Size: At ¼-inch in length (counting their wings), most people consider fruit flies more of a pest than a desirable pet food. But for small predator keepers, fruit flies fill an important niche on their critters’ menu.
Uses: Because of their small size, fruit flies appeal to smaller predators such as:
Container: Small fruit fly containers work best. When you tilt larger containers to pour out the flies, the culture medium wants to plop out. Think small. Maintaining several containers at once will increase your chances of success. Cap small containers with a cotton plug. Cover larger containers with screen wire or cloth.
Container Tip: Make sure your adult fruit flies have access to dry surfaces. They usually drown unless you give them something to crawl on – like crumpled paper.

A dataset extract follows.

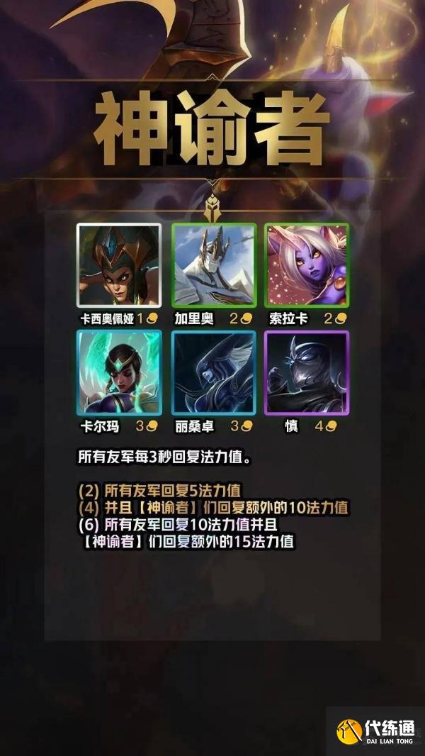 金铲铲之战游戏里面每一个职业都是有自己特有的属性加成的,而且不同的职业可以使用选择上也是不一样的,那么有哪些棋子是神谕者职业呢,下面就让我们来看看金铲铲之战S9神谕者职业一览。

Eggs: Adults lay their eggs in the culture medium. When they hatch, the tiny fruit fly larvae burrow thru the gooey stuff while stuffing their guts.

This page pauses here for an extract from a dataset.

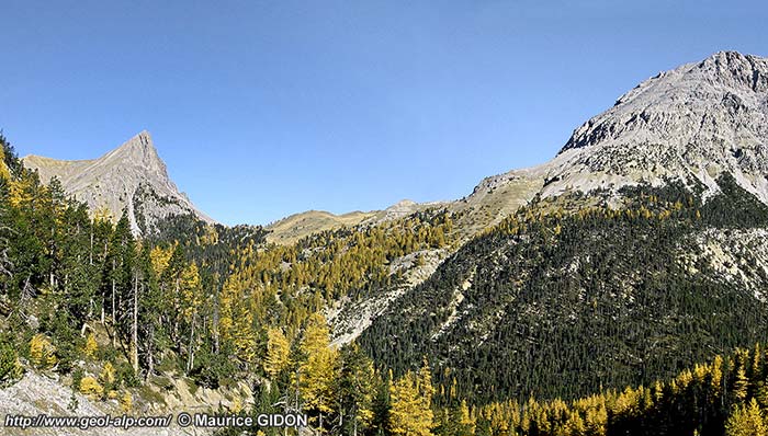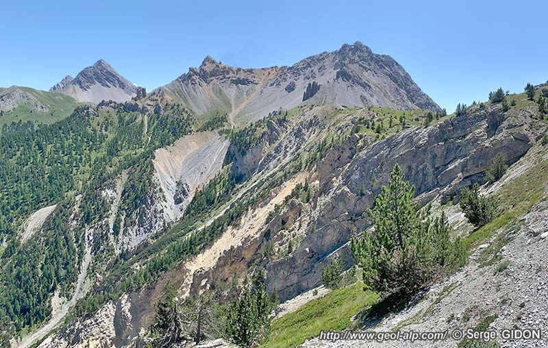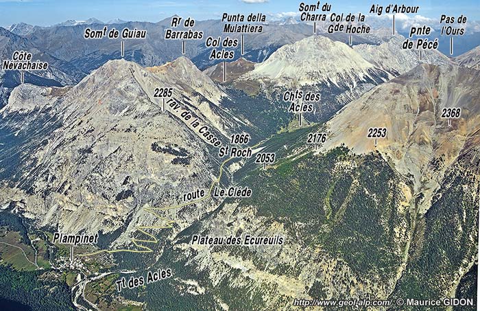 Du côté septentrional les pentes qui s'élèvent depuis le Pian del Colle sont drainées par le profond ravin de la Comba della Gorgia qui suit vers le sud la crête frontière franco-italienne de la Côte Névachaise, de sorte que le versant italien de cette crête décrit un rentrant vers le SW. La rive droite (orientale) de ce ravin donnerait une excellente coupe structurale si elle n'était pas aussi encombrée à mi-hauteur par un fort colmatage de formations quaternaires, principalement ébouleuses.

Larvae: As they reach their ¼+ inch size, the fruit fly larvae (maggots) crawl up the sides of their container. Tropical fish especially love them at this stage. The maggots supposedly contain special conditioning enzymes that put breeder-size fishes “in the mood.” Not sure about the enzymes, but fish do like the taste.
Pupae: Once they crawl out of their medium, fruit fly maggots begin drying into cocoons. Cocoons develop into adults in a few days. Warmer temps speed up the process.
Adults: Pupae change into adults in their cocoons. The egg-laying adults emerge about 10 days after they started life as eggs. Females have larger bellies than the males (in case you want to know). They start breeding within 24 hours. Female fruit flies easily produce 100+ eggs.
Culture Medium: You need cereal (oatmeal), fruit (baby food), enough water to make a paste, unflavored gelatin to stiffen the medium, and dry yeast sprinkled on top. If you make extra medium, you can freeze it. You’ll need a ¼ to ½-inch layer of medium.
Harvesting. Ten to 15 days after starting your fruit fly culture, begin harvesting the adults. If your culture stays firm, just shake out the flies like salt. If the bottom gets soupy, take the lid off and let your fruit flies crawl out. By the way, if a wild fruit fly gets in your culture, they will all eventually develop wings.
Want more info? You can buy books on Drosophila with more than 400 pages. Several Universities in the USA and other countries still study these rascals. They conduct more seminars and conventions than Trekkies. Evidently their students have not blown them up yet. You can never learn too much about fruit flies.